A related point: i wish people would finally stop calling it ‘ natural’ gas. It’s fossil gas. In the article they even call fuel from gas condensate ‘ natural’ gasoline. Ridiculous!
Coal is tree fossil too, we should be switching back considering all our wealth has been stolen and we can no longer afford to heat our homes or drive our kids to the soccer match given out low pay and $10/bbl war-mongering tax?
The term ‘natural gas’ is indeed an anachronism, as you may well know. During the early decades of gas light, fuel gas was manufactured in municipal gas works, and pumped into the street piping networks. Producer gas was made by driving steam through a bed of burning coal – the product was a mixture of Carbon Monoxide and Hydrogen. It wasnt until the 1940s that pipelines connected natural gas from oil fields to the urban networks. Natural gas had a number of significant competitive advantages over producer gas, the main one being it is non-toxic, and the gas producing plants went away quickly.
There are new types and uses for ‘syn-gas’ however, so we arent really done with the distinction yet.
Zero Hedge posted a article related to oil on Friday. I never knew that tens of thousands of fake orders go through in HFT in a single day artificially propping up oil then wind up being cancelled a few day later by Wall Street firms as they realize it is almost all bogus. We can thank Congress for deregulating HFT in a emergency spending bill about 11 years ago to keep the Gov from shutting down in 11,000 pages of spending.
They very fact the central bankers have to resort to NIRP is basically them throwing in the towel by their own admission.

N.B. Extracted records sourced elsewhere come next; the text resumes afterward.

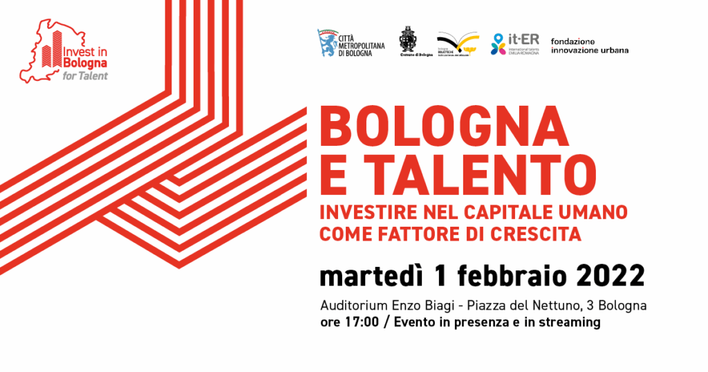 Martedì 1 febbraio 2022 alle ore 17 presso l’Auditorium Enzo Biagi in Salaborsa a Bologna si terrà l’evento “Bologna e Talento: investire nel capitale umano come fattore di crescita”.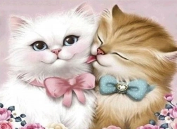 - Résultat : un tableau scintillant au motif romantique de chats amoureux.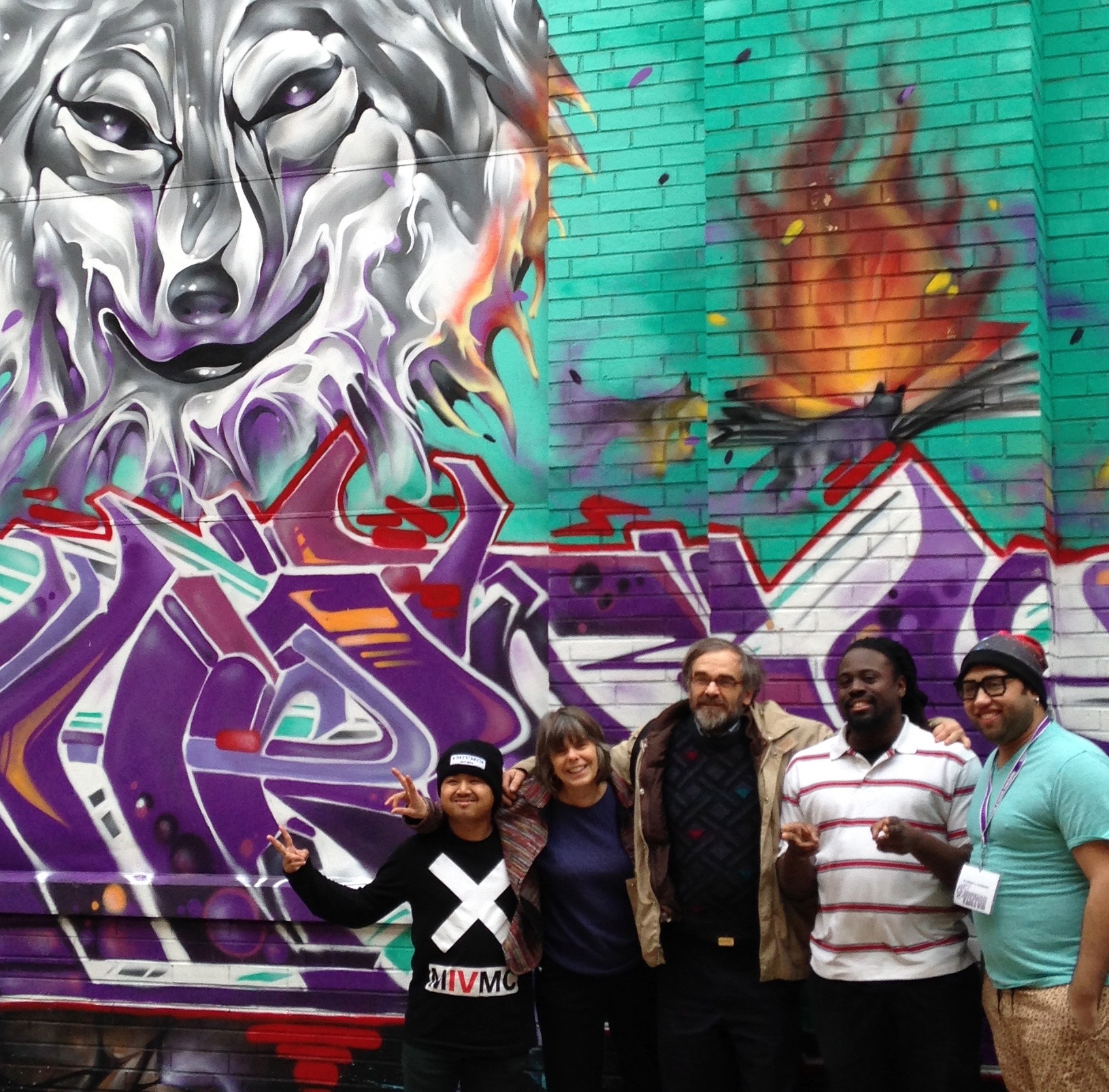 Mary Beth & John admire student artwork at Harding with breakdancing wizard Asan (on left) and art mentors Phate & Leter

It’s a worse “solution” than the already bad QE/NIRP problem which they created in the first place.
This insanity is on the levels of “destroying the village to save it”.
But hey those central bankers knows what they are doing with their little all knowing holier-than-thou central planning of the free market economy right?
…” the beaten down metal”…
…and the mogul Mark Cuban…””I think people are so confused about this market. Nobody really understands what’s happening, including me. So, things that I thought made sense didn’t make sense and weren’t working. … When traders don’t know what to do, they go where everybody is. And I thought that would be gold,” he said in the CNBC interview.
Another covert! A Shark no less. A thinking man.
The market is still not expecting a big crash just based on the VIX.
The Chinese government managed to find some good news. Retail sales were up 11.2% over the Lunar New Year holidays. Amazing that they could compile this data when most government offices were closed and it only confirms how quickly China is conforming to Xi Jinping’s plan to convert the Chinese economy from investment to consumer led spending.
Of course if Chinese consumers fear a major devaluation they might be eager to exchange their yuan for physical goods ( or precious metals)
Do you doubt the power of the Chinese statistics bureau?
If they could conjure 7% growth out of stagnation, double digit growth in retail sales is nothing for them.
Nope, totally nothing to do with this little concept called seasonality.
In other news at 11, water is wet.
Chinese are leaving cities and returning to the countryside due to lack of opportunity, as per the always accurate and trustworthy reporters in western media. Assuming the obvious demise of global shipping drags with it airfreight into the round file as well, these stories might actually be truthful for once.